The extent to which Adrien was involved in the production of the early images is controversial. Although he won a medal for his stunning portraits of the mime Charles Deburau, Begley is sceptical. Lacoste, however, is convinced of his talent. “The two self-portraits with straw hats are considered among the best examples in the early story of photography,” she says.
Whatever the truth, when Adrien began styling himself Nadar jeune, Félix had had enough and took him to court to gain sole rights to the name. Once he succeeded, his career flourished while Adrien’s petered out. Moving to plush new premises on the Boulevard des Capucines in 1860 (which he would lend to a group of painters for the first exhibition of Impressionists, including Claude Monet, Edgar Degas, Pierre-Auguste Renoir, Camille Pissarro and Berthe Morisot, in 1874), he revelled in his success.
Louis Thiriot, a young photographer from the provinces, was dazzled by the celebrities he saw at Nadar’s studio – composer Jacques Offenbach, artist Gustave Doré, Dumas and the stars of whatever show was then performing at the Comédie Francaise.
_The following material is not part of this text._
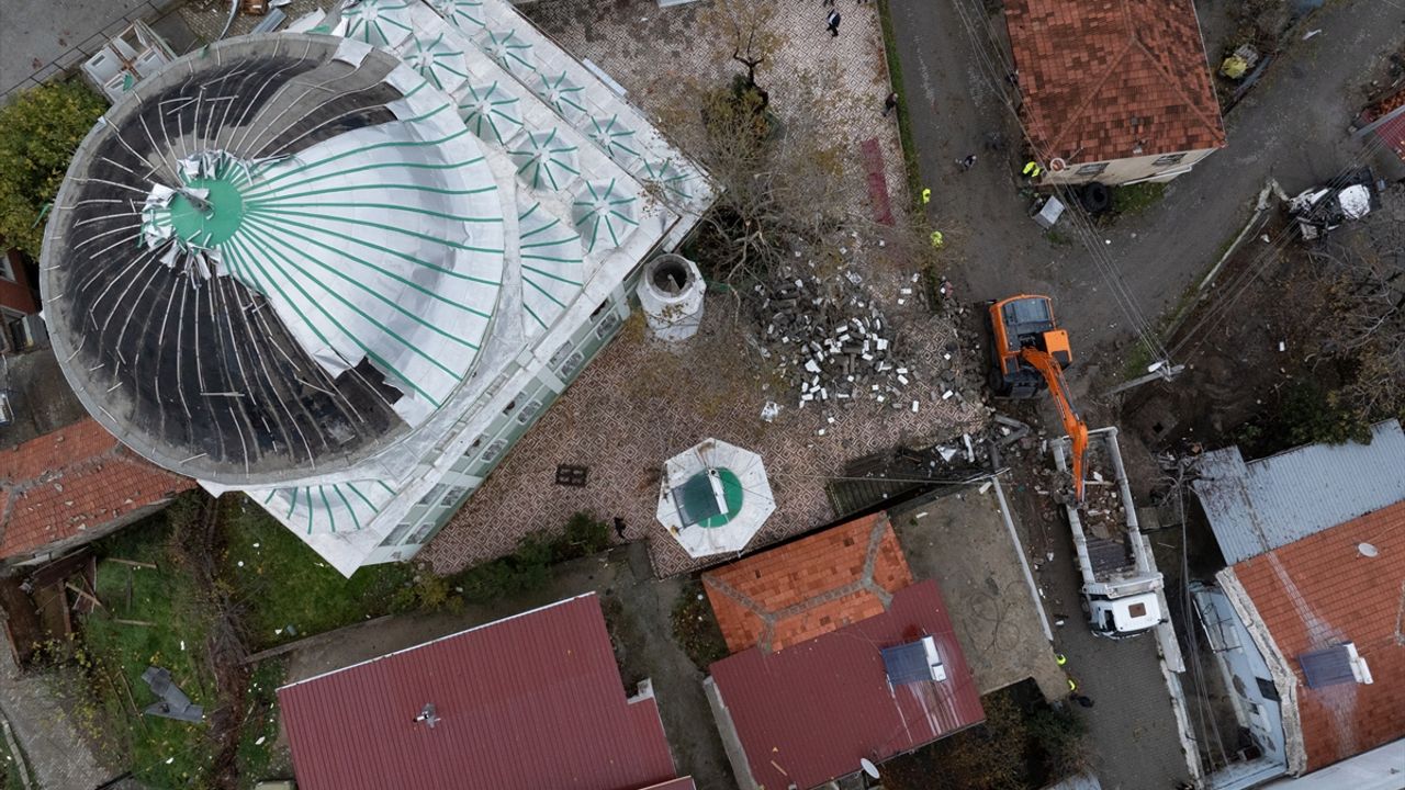 EFEMÇUKURU'NDA CAMİNİN MİNARESİ DEVRİLDİ

He was even more amazed by the fencing matches which frequently took place between poses.
However, just as his fame and notoriety were at their peak, Nadar’s interest in the medium appeared to be petering out in favour of a new passion. He had been a keen balloonist, allowing him to take the world’s first aerial photograph – a view of Paris – in 1858; but it proved a dangerous pursuit.
In 1863 Nadar was one of the founders of the Society for the Encouragement of Aerial Locomotion by Means of Heavier than Air Machines, whose aim was to bring an end to ballooning by creating a helicopter. Somewhat bizarrely, Nadar and his colleagues (including the recently published Jules Verne) chose to publicise their venture by creating a massive balloon that stood 12 storeys high – called Le Géant (The Giant).
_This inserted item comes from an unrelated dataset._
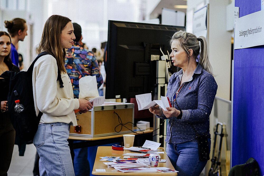 | 12:00 - 14:00 | "Frag die Studis" - offenes Speeddating mit Studierenden - hol dir Infos aus erster Hand zu Studiengängen, Finanzierung, Auslandsaufenthalten und Studienalltag - Kommen und Gehen jederzeit möglich | Foyer/Empore 1. Etage im Nieper-Bau (NI) |

Undeterred by a disastrous first flight which landed ignominiously a mere 25 miles (40km) from Paris, Nadar set out again on 18 October 1863, this time reaching Germany before a too-swift descent resulted in the balloon being dragged along by high winds and narrowly escaping being hit by a train. The incident garnered headlines around the world and inspired Verne to write his 1865 novel From the Earth to the Moon, whose hero Ardan – a courageous, carefree adventurer – was based on Nadar.
As Nadar’s interest in his business waned, his son Paul took over the reins. Nadar allowed him to use his name, albeit with a certain degree of trepidation, as he was aware that it would reflect on his legacy.
Although Paul chose to photograph the society figures he hoped to emulate, he also shared his father’s passion for the performing arts. However, while Nadar’s portrait of Sarah Bernhardt had been “very pure and focusing on her character and not emphasising her talent as an actress, it was completely the opposite with Paul,” says Lacoste. Bernhardt, now unquestionably the most famous actress in the world, is shown dressed in scenes from her plays, the images often embellished with the use of backgrounds to recreate her shows.
As the 19th Century turned into the 20th, Paul’s portraits of the likes of Josephine Baker exuded a sense of modernity but perhaps lacked the psychological depth of Nadar senior.
After Paul, there would be no more famous Nadars. But the name lives on. The fact that it is more often than not linked to Félix alone would undoubtedly please him. To French audiences, at least, he is as iconic as the giants of literature, art and stage he immortalised in his photographs.
The Nadars: A Photographic Legend is on at the Bibliothèque Nationale in Paris until 3 February 2019.